→ Provided data
• • • • • • •

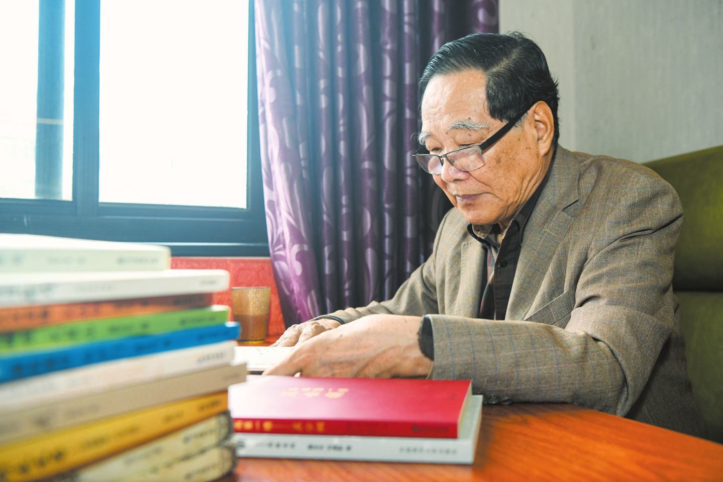 蒙乐生正在阅读书籍。(摄于3月11日)
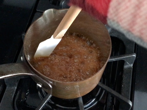 细砂糖倒进小奶锅里,加水,用中小火加热。糖水沸腾之后,气泡会逐渐变大,糖液变得粘稠。其间可以轻轻晃动锅子,让糖浆受热均匀,但不要搅拌它;
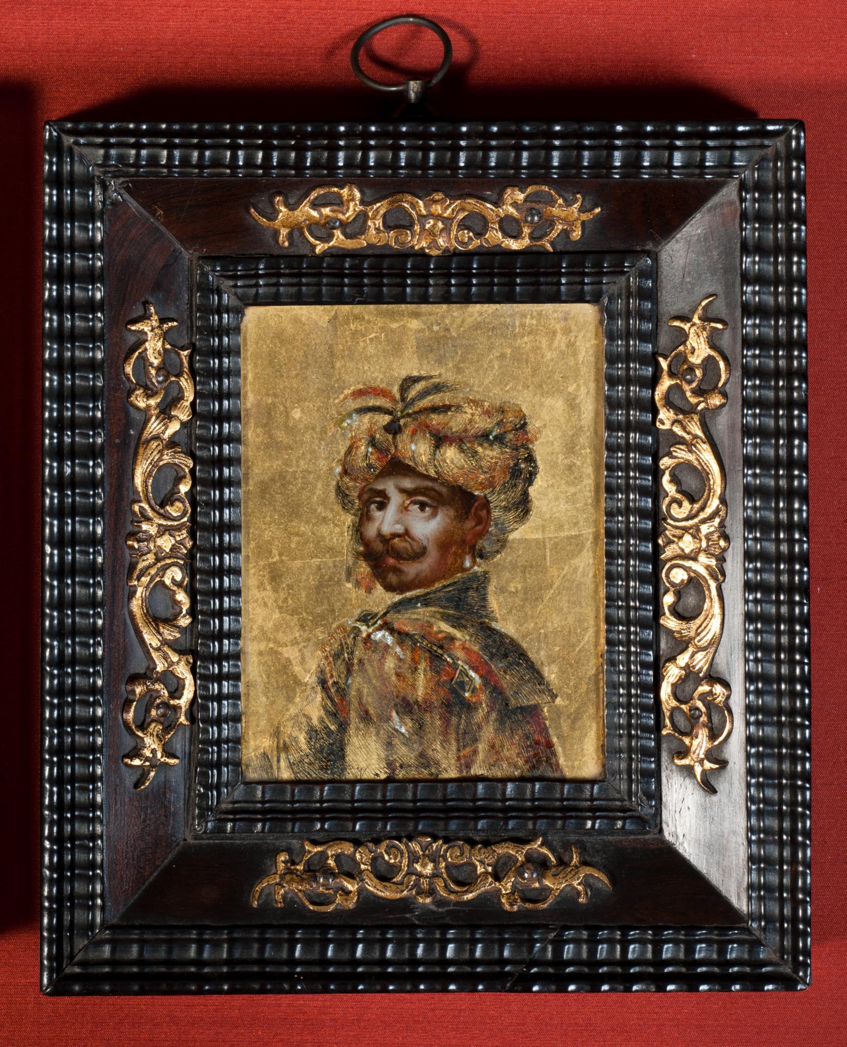 Auf goldenem Grund erscheint die Büste eines Mannes mit Schnurrbart, der im Dreiviertelprofil nach links den Betrachter über seine Schulter anblickt. Er trägt eine Ohrperle und auf dem Kopf einen federbesteckten rot-goldenen Turban.

• • • • • • •

→ What to do
Once the pictures are removed, output the remaining material exactly.

→ Exercise answer
 蒙乐生正在阅读书籍。(摄于3月11日)
 细砂糖倒进小奶锅里,加水,用中小火加热。糖水沸腾之后,气泡会逐渐变大,糖液变得粘稠。其间可以轻轻晃动锅子,让糖浆受热均匀,但不要搅拌它;
 Auf goldenem Grund erscheint die Büste eines Mannes mit Schnurrbart, der im Dreiviertelprofil nach links den Betrachter über seine Schulter anblickt. Er trägt eine Ohrperle und auf dem Kopf einen federbesteckten rot-goldenen Turban.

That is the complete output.